Yamanto is a suburb of Ipswich in the City of Ipswich, Queensland, Australia.  At the 2016 Australian census the suburb recorded a population of 4,906.

History 
The origin of the suburb is from a former  1860s cotton plantation which was originally spelt as 'Yamahanto', the property jointly owned by Queensland's first government medical officer Henry Challinor (1814–1882) and his cousin George Miles Challinor (1832–1888).  Previous names used for this area were Mine Accident, Loamside and Yahmahnto. The names were given to the railway station in the Yamanto area on the now defunct Dugandan railway line.

On 1 January 2010, Amberley State School relocated and renamed as Amberley District State School at Yamanto. The school originally opened in 1863 under the name Warrill Creek State School and was renamed Amberley State School in 1903.

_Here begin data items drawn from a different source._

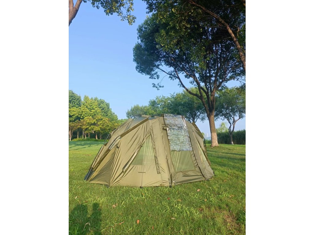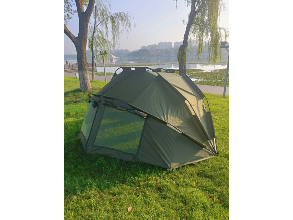Praktický a prostorný bivak ze spolehlivého voděodolného 210D Materiálu s vodním sloupcem až 3500MM. Celková konstrukce je tvořena z pevných ALU trubek, které do sebe jednoduše zapadnou a zajišťují bezpečný pobyt v bivaku. Odjímatelná podlážka je samozřejmostí.
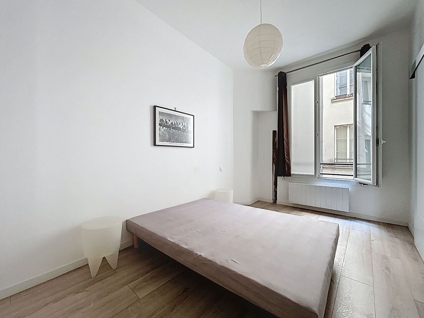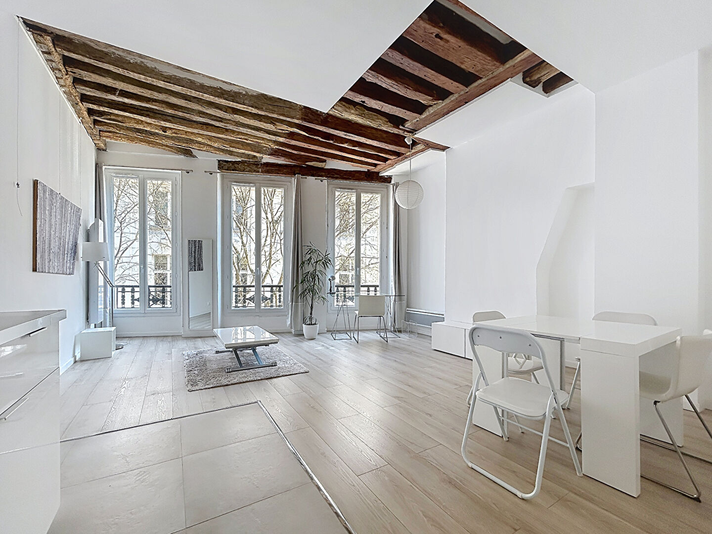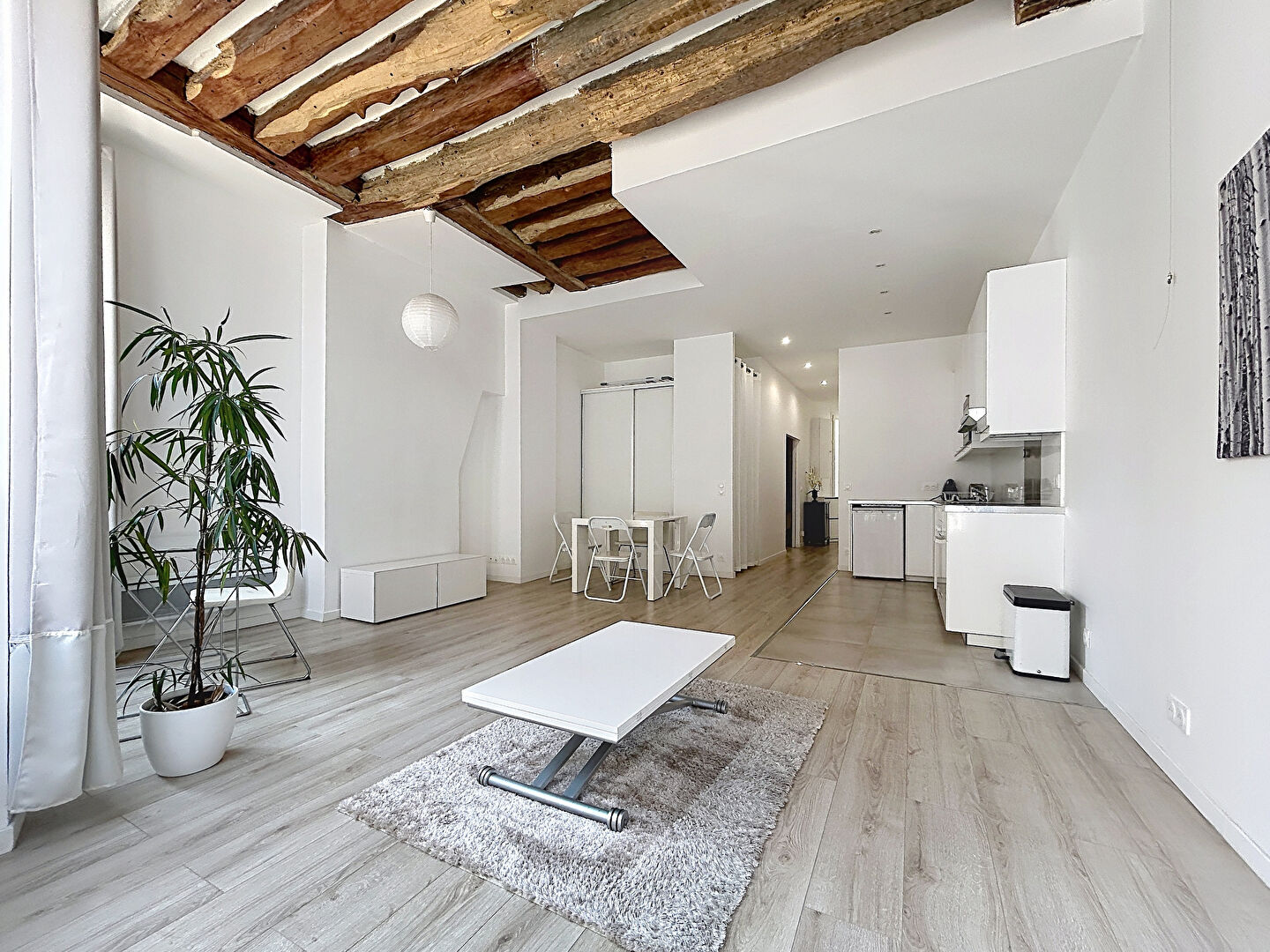Il comprend une entrée, un vaste séjour sur rue arborée, une cuisine ouverte équipée et aménagée, une chambre sur cour avec dressing, une salle de bains et un WC séparé.
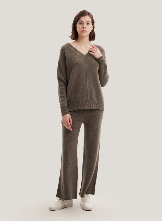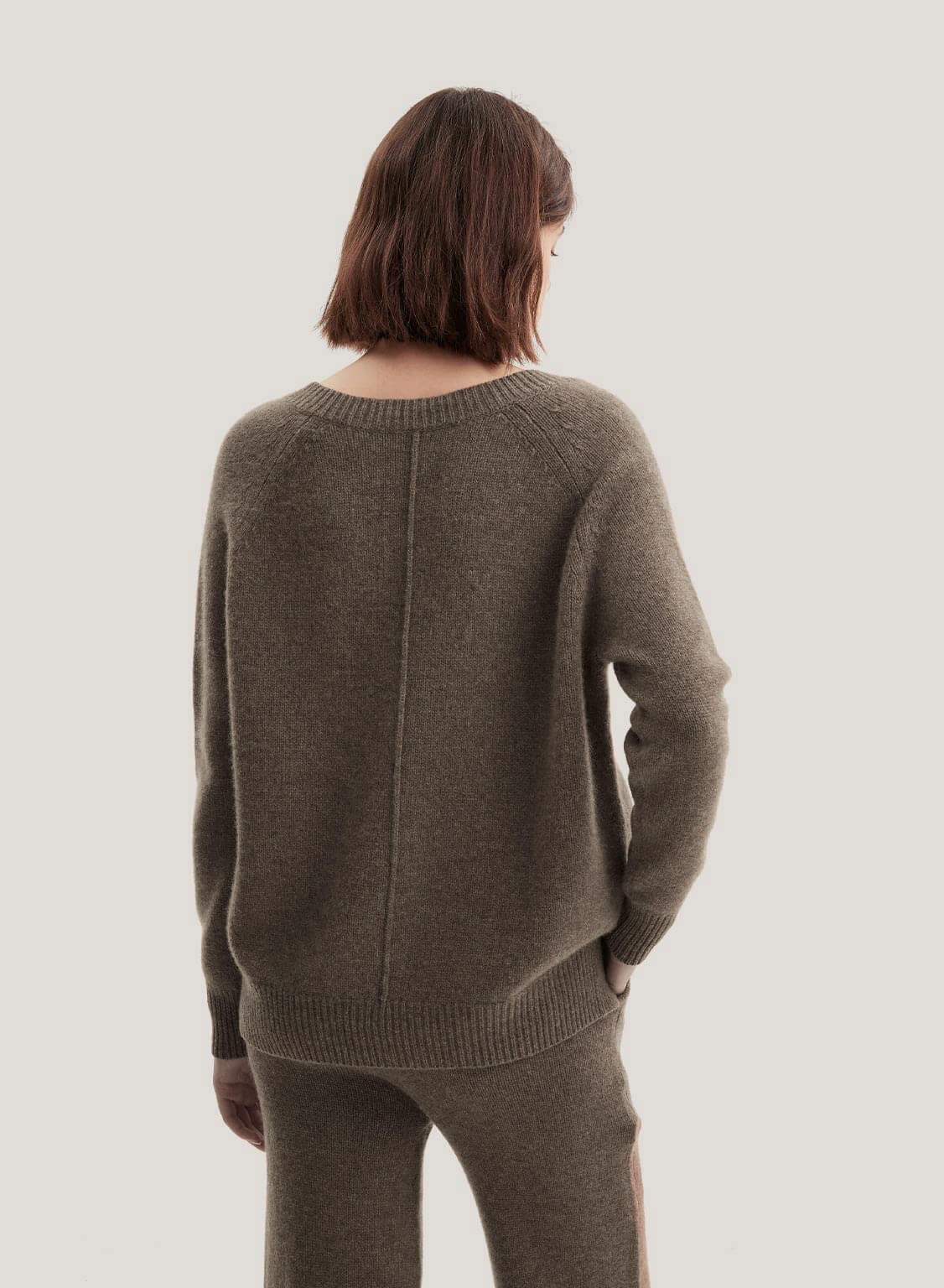 This sophisticated jumper in natural hues and has refined details. It is cut with a classic V-neck collar and ribbed trim to keep you even more comfortable.
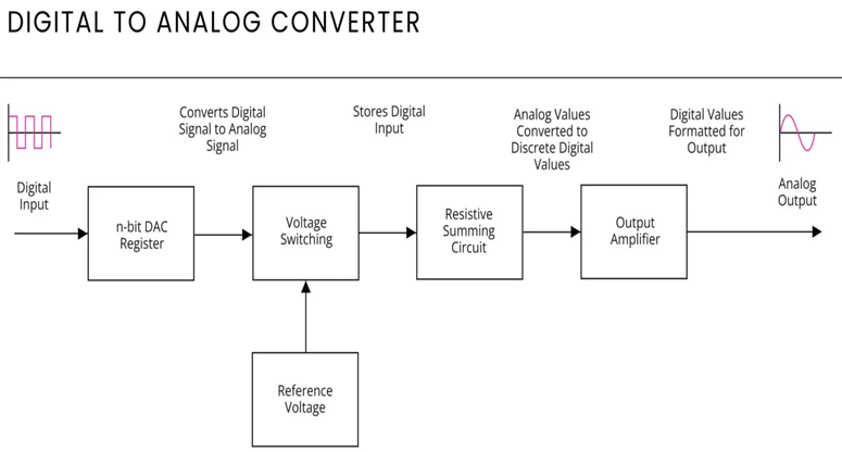 A digital to analog converter (DAC) is a circuit that transforms a digital signal, typically a sequence of 1s and 0s, into an analog signal, which can be a voltage or current. Few examples include Audio Systems; DACs play a crucial role in audio systems, converting digital audio data into analog signals. Signal generators and Data Acquisition Systems are some other applications.

In 2015 this suburb is seeing a growth corridor being developed in the adjacent Ripley Valley Ripley, Queensland called Ecco Ripley. In conjunction with the expansion of the nearby RAAF Base Amberley the suburb is experiencing an influx of businesses as well as redevelopment of existing businesses.

At the 2016 Australian Census the suburb recorded a population of 4,906.

Education 
Amberley District State School is a government primary (P-6) school for boys and girls at 37 Deebing Creek Road. In 2017, the school had an enrolment of 807 students with 57 teachers (52 full-time equivalent) and 40 non-teaching staff (25 full-time equivalent). Being on the south-eastern fringe of the Ipswich metropolitan area, the school has students from both the suburbs and the rural area. Approximately one quarter of the students have a parent in the defence forces, many serving at the air base; these children may have lived in many other places due to their parents' deployments.